Perhaps the most special event was the book launch at the University of New Brunswick in the spring of 2022 where several people spoke about my book, and I received a letter of appreciation from the Lieutenant Governor. I think that was the most special moment of my career and the most definitive part of how the book has been received.”
-Harvey Amani Whitfield
What people are saying:
“The Biographical Dictionary of Enslaved Black People in the Maritimes will enliven other scholarship in the field, informing studies of social and political history in the region; studies of gender and enslavement, work, and resistance; and studies of family connection, migration, and movement. But the most striking scholarly achievement of the work lies not only in its gleaning of detail from existing sources, but in the choice of genre. A biographical dictionary is a literary form with a particular racial and gendered history, and while it is meant to carry weight and authority as a reference work, it ordinarily operates best when we turn to it with a name in hand. Whitfield reappropriates the genre. His entries, organized alphabetically by name, draw attention to what names can tell us about the social and political condition in which enslaved lives were lived.”

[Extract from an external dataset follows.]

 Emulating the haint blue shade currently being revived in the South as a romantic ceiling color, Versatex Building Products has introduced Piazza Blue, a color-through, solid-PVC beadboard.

– Nina Reid-Maroney, H-Net: Social Sciences and Humanities Online
“…to reduce Whitfield’s most recent publication to a list of enslaved people he uncovered during his research would be to overlook the work’s grander significance. More than a list of names and descriptions, Whitfield’s work is, as Donald Wright notes in the Foreword, ‘a moral project’ that, in Whitfield’s words, ‘Bears witness to [enslaved people’s] existence’ and ‘affirm[s] the notion that all of these slaves were unique individuals, despite the efforts of their owners and the wider British Atlantic world to dehumanize them’ (xiv, xxiii). Whitfield’s study is a deeply humanizing endeavour. Moreso than similar works, Whitfield’s Biographical Dictionary of Enslaved Black People in the Maritimes restores slavery to the history of pre-Confederation Atlantic Canada while also decentering whiteness in the process to highlight the unique experiences of enslaved people throughout the region.

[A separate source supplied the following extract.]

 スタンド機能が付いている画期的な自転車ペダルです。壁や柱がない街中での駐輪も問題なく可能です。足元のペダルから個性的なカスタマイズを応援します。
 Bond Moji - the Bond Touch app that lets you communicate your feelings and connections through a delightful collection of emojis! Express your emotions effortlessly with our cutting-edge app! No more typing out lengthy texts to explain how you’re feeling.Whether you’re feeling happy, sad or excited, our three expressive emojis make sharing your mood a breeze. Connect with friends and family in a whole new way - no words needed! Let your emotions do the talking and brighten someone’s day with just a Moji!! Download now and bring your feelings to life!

-G. Patrick O’Brien, Journal of New Brunswick Studies
“Containing a foreword by historian Donald Wright and Whitfield’s introduction, which is both a guide to the dictionary and a history of slavery in the Maritimes, this book offers a reimagining of how historians write about enslaved people. The book contains 1,465 entries, each about an individual enslaved person in the Maritimes. There are no entries for enslavers or slave traders, making enslaved people the dictionary’s only subjects. As such, by its very nature, the Biographical Dictionary offers a radical reimagining of the Black Canadian past.”